E-commerce is the company's bread and butter, but the tech giant is also making investments in fulfillment, logistics, and shipping to support core growth, and it's investing in other ecosystem-builders like content, music streaming, and hardware, just to name a few.
Many of these projects are long-term plays that don't immediately show up in the company's financial results, something a lot of companies couldn't get away with. But a lot of companies don't have a segment like Amazon Web Services (AWS) cutting checks.
The cloud computing operations sustain Amazon's business and allows it to grow... and one analyst thinks that the company's biggest breadwinner is about to get a whole lot bigger.
A huge and growing market...
Cloud computing gives businesses the ability to access on-demand computing resources, computer programs, and data anywhere an internet connection is available. Accessing and storing these resources on the servers of others, or "in the cloud" on a pay-as-you-go basis can be less expensive than purchasing fixed assets like additional servers, particularly for smaller businesses.
Worldwide public cloud services revenue hit an estimated $260 billion last year, and is forecast to exceed $411 billion by 2020, according to market research company Gartner.
For its part, AWS generated net sales of $17.5 billion in 2017, up 43% year over year, while operating income grew 39% to $4.3 billion. What was once a sideline has grown to 10% of Amazon's net sales last year, and all of its operating income. The size of the market shows that the company still has a significant untapped opportunity.

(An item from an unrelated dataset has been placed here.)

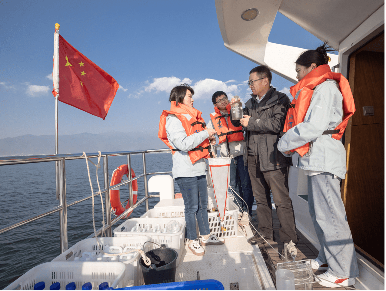 党支部书记王欣泽与工作人员在洱海采样现场交流水样采集、分析工作

... that Amazon will continue to dominate
Jefferies & Company analyst Brent Thill thinks that's just the tip of the iceberg. After attending Amazon's AWS Summit, he believes the company's cloud segment will more than triple over the next five years to $60 billion, saying that AWS "has become the gold standard for millions of customers" when it comes to cloud computing.

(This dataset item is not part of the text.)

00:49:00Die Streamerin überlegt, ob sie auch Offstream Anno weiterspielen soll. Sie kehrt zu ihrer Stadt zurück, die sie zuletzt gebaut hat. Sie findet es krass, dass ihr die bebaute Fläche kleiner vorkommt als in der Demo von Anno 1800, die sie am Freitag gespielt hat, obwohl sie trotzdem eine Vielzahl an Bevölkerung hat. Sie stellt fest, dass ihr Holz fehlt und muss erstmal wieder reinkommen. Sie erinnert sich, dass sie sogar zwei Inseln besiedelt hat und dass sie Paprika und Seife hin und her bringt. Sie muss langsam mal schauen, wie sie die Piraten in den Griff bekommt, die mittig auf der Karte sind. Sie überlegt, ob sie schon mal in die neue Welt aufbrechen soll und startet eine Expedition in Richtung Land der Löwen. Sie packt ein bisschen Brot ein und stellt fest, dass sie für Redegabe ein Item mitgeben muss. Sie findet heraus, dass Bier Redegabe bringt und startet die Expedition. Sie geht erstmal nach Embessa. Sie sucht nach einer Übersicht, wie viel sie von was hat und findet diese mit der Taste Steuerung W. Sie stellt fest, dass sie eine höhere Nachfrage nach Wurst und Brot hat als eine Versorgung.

Thill cited a number of examples of large-scale migrations of data to AWS:
The vast majority of companies we talk to are building on AWS in a big way -- and today the company announced Shutterfly will be moving its 75+ PB [petabyte] image library to AWS and Cox Automotive will be closing 40+ data centers as part of its transition onto AWS. Last week, GoDaddy also announced its partnership with AWS in which the company will begin a multi-year transition onto AWS, while also bringing GDDY [GoDaddy] solutions (domains, GoCentral, ManagedWP) into the AWS marketplace.
Other opportunities exist
Amazon is the leader in the infrastructure-as-a-service (IaaS) area of cloud computing, in which companies rent space and time on servers, using the pay-as-you-go model. While this segment is expected to see the most extensive growth over the next five years, Thill sees other opportunities for AWS as well. He believes Amazon could move "up the stack" and make a push into the software-as-a-service (SaaS) segment, which represents an additional $100 billion opportunity -- particularly in the area of security, which "remains top of mind for all parties."
The analyst pointed out that "AWS remains the runaway leader in a vast, and still rapidly growing, cloud infrastructure market by a wide margin."
Fund ongoing growth
The juicy operating margin of 25% produced by AWS helps Amazon fund growth in other areas of its business, like the ongoing international expansion of its e-commerce business. While online sales totaled $160 billion last year, they also generated $225 million in operating losses.
If this analyst is right, Amazon will be able to fund a whole lot of growth over the next several years -- and investors will be the ultimate beneficiaries.